**ACTIVITY:** From the first line to the last, give the material again exactly, without the images.

**INFORMATION SUPPLIED:**
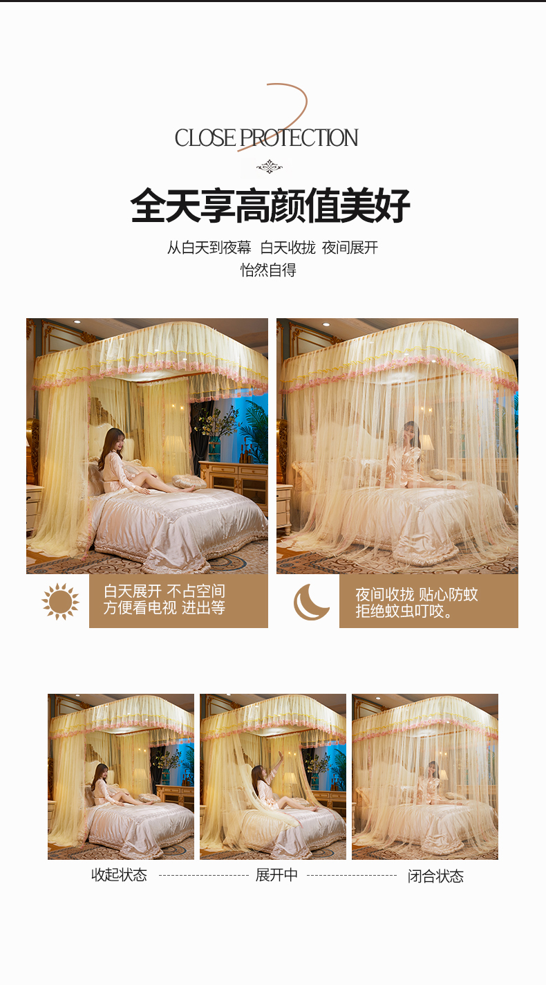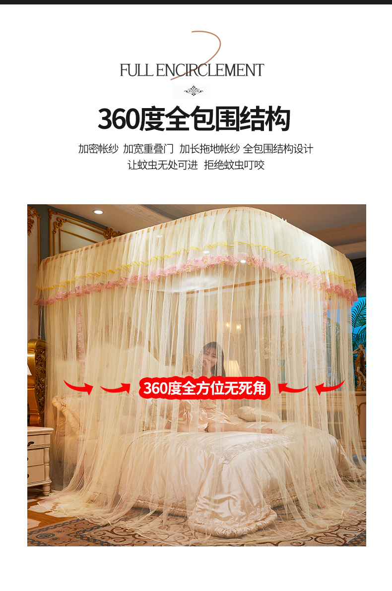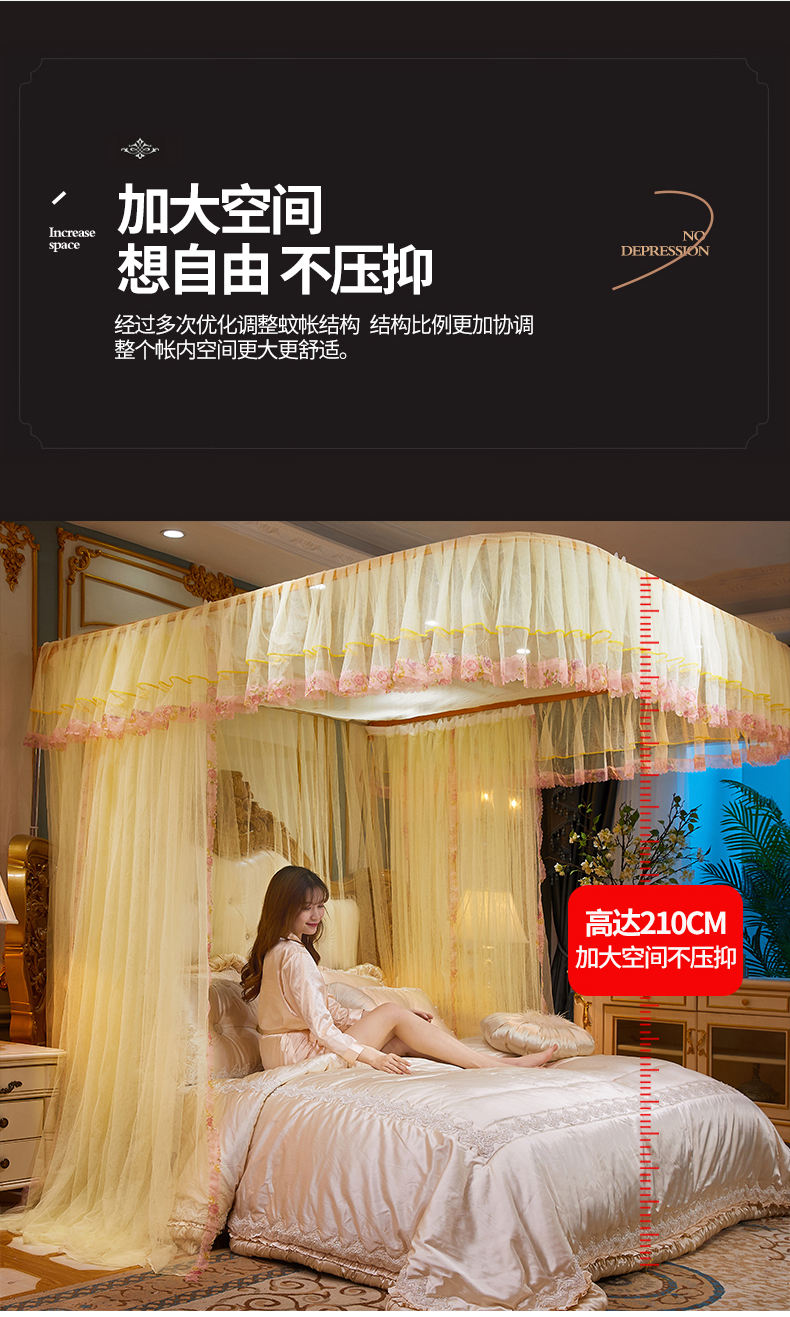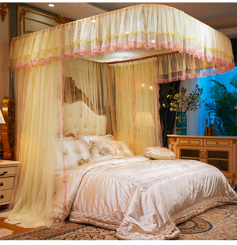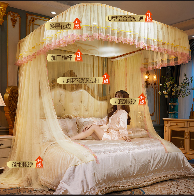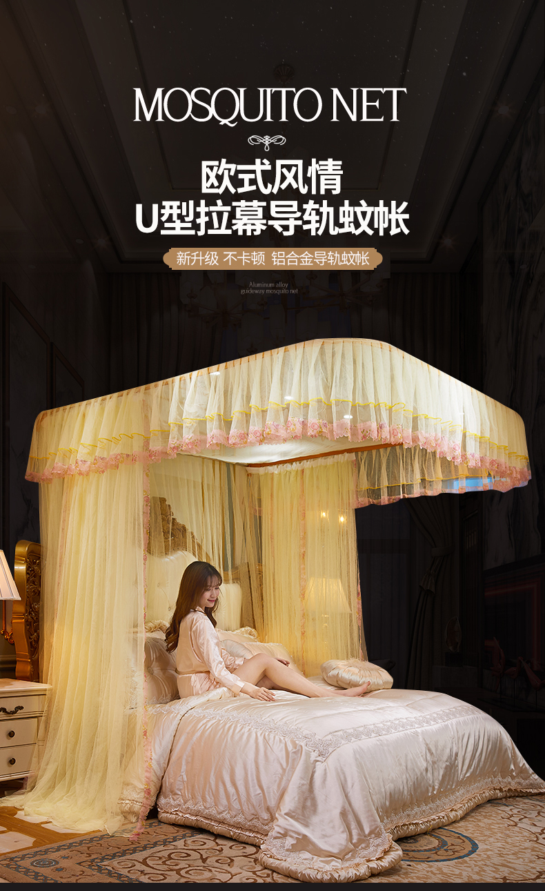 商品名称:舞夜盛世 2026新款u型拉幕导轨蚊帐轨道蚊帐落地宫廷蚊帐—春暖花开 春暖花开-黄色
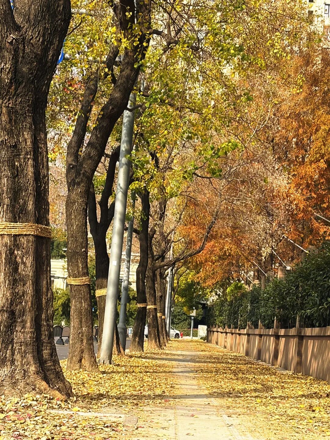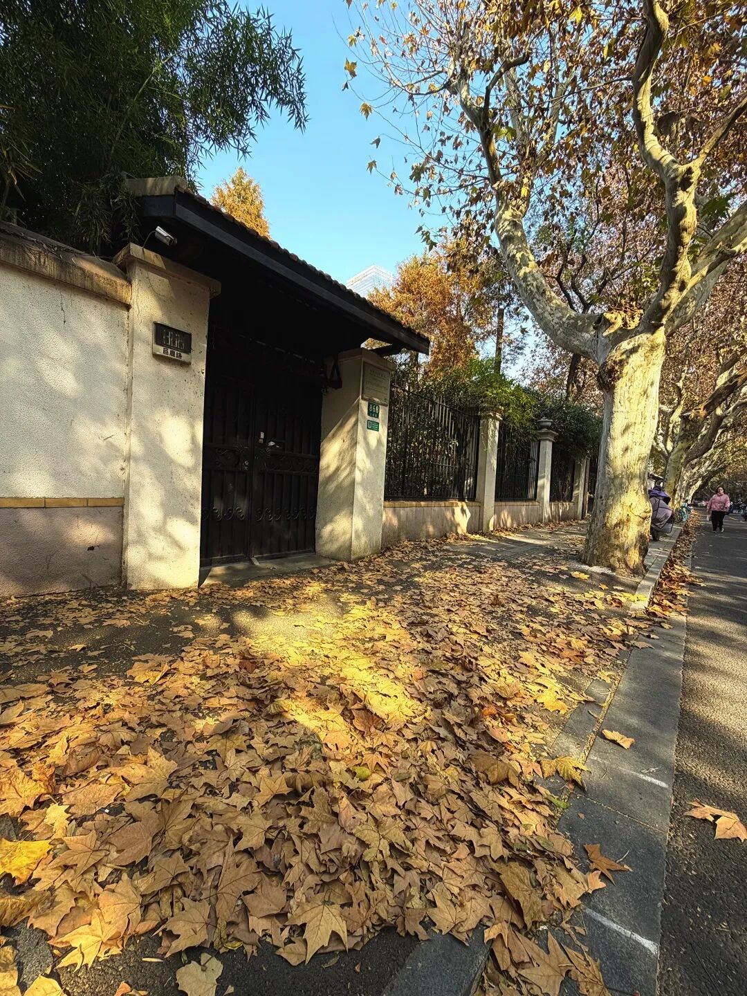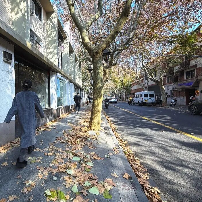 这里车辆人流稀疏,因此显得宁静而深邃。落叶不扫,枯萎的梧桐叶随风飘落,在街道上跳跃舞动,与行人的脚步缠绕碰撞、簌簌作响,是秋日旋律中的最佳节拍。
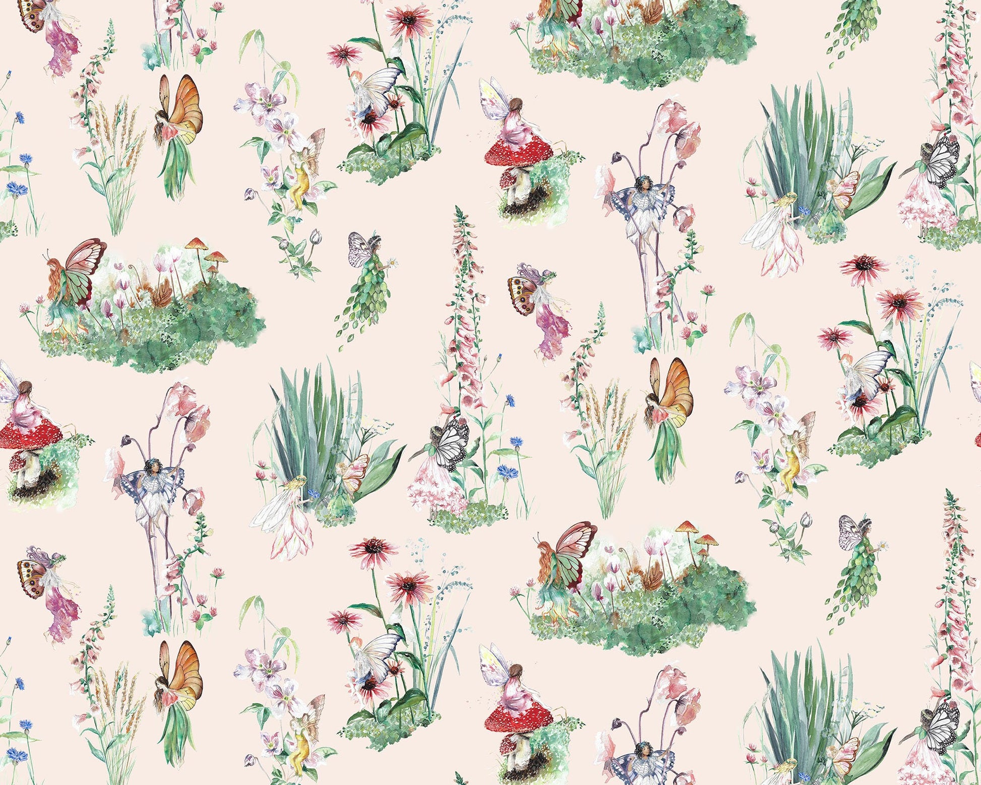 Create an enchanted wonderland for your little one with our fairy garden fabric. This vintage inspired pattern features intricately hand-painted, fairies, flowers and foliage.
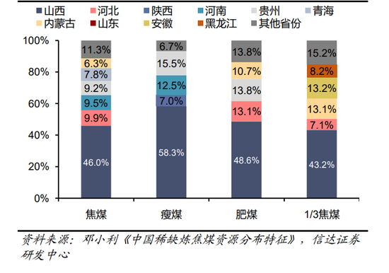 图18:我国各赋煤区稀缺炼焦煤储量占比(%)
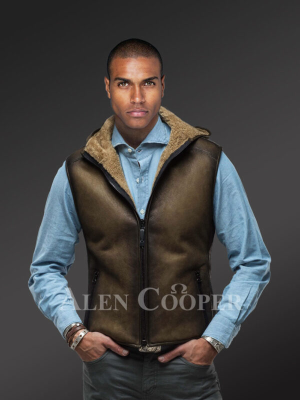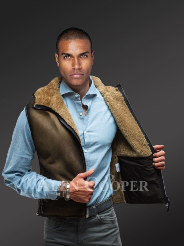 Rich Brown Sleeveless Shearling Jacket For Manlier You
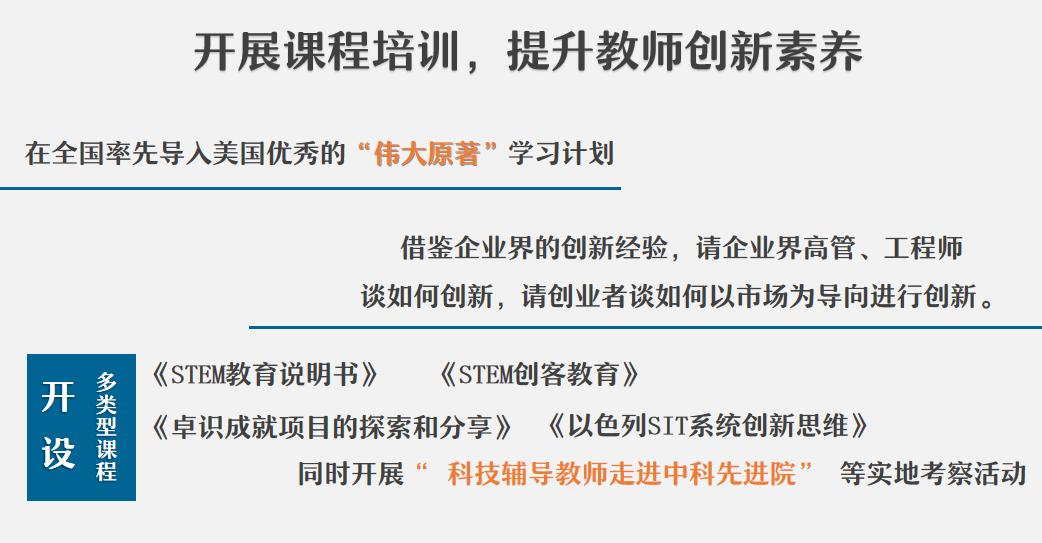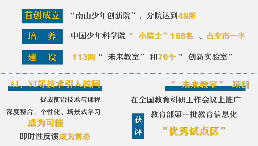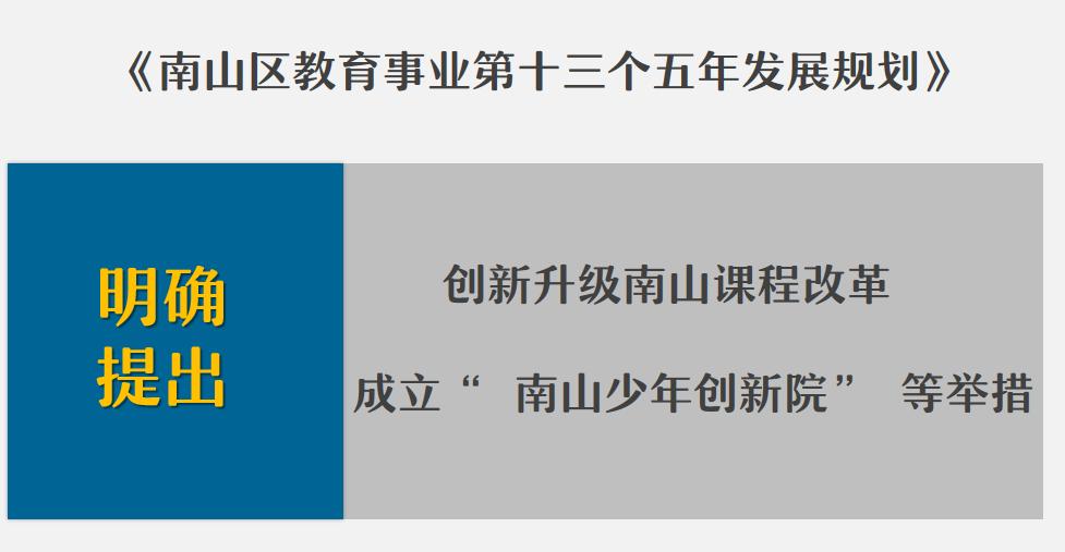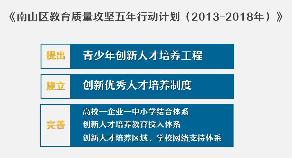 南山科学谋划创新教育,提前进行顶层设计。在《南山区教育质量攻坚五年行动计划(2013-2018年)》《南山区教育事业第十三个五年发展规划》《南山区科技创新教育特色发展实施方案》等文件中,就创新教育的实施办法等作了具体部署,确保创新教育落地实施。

**EXPECTED ANSWER:**
 商品名称:舞夜盛世 2026新款u型拉幕导轨蚊帐轨道蚊帐落地宫廷蚊帐—春暖花开 春暖花开-黄色
 这里车辆人流稀疏,因此显得宁静而深邃。落叶不扫,枯萎的梧桐叶随风飘落,在街道上跳跃舞动,与行人的脚步缠绕碰撞、簌簌作响,是秋日旋律中的最佳节拍。
 Create an enchanted wonderland for your little one with our fairy garden fabric. This vintage inspired pattern features intricately hand-painted, fairies, flowers and foliage.
 图18:我国各赋煤区稀缺炼焦煤储量占比(%)
 Rich Brown Sleeveless Shearling Jacket For Manlier You
 南山科学谋划创新教育,提前进行顶层设计。在《南山区教育质量攻坚五年行动计划(2013-2018年)》《南山区教育事业第十三个五年发展规划》《南山区科技创新教育特色发展实施方案》等文件中,就创新教育的实施办法等作了具体部署,确保创新教育落地实施。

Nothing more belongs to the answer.